[antlr-interest] greedy vs nongreedy lexer rules

Mon Apr 19 13:01:57 PDT 2010

On Mon, Apr 19, 2010 at 6:32 AM, Ron Burk <ronburk at gmail.com> wrote:
>>  Multi-core systems are the norm now.  In my job, we spend a LOT of time
>> determining how best to extract maximum work in minimum time, and parallel
>> programming is a big part of that.
>
> Splitting the work of lexical analysis across cores without ending up
> slower than a simple, single-threaded state machine (due to constant
> stalling on shared data)... should be a challenge. It sure is easy to
> make multi-threaded solutions that are slower than single-threaded,
> especially if the single-threaded solution fits in L1 cache.
>
> IME, the ultimate in lexing speed requires tokenizing to proceed
> independently.
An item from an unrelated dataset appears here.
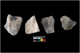 | Description / विवरण | There are n 4 flakes tool; there are multidirectional irregular scar pattern on them; made of short flakes and all four have tapering edges. |

A function call per token (in C/C++ anyway, using
> a deterministic state-driven lexer) tends to swamp performance gains
> from having the lexer proceed in batches; the parser needs to be just
> advancing a pointer to get to the next token, not calling anybody.
> But that's for ultimate speed.
>

Out of curiosity; may i ask you why "function call per token" is
something bad for multi-core performance? I am asking because the way
i see this issue is that pursuing two different paths in NFA has no
inherent coupling. It is simply matter of state replication and
merging it back to single outcome state upon entering some barrier
marking "end of work" state. Am I missing something?

-- 
Greetings
Marcin Rzeźnicki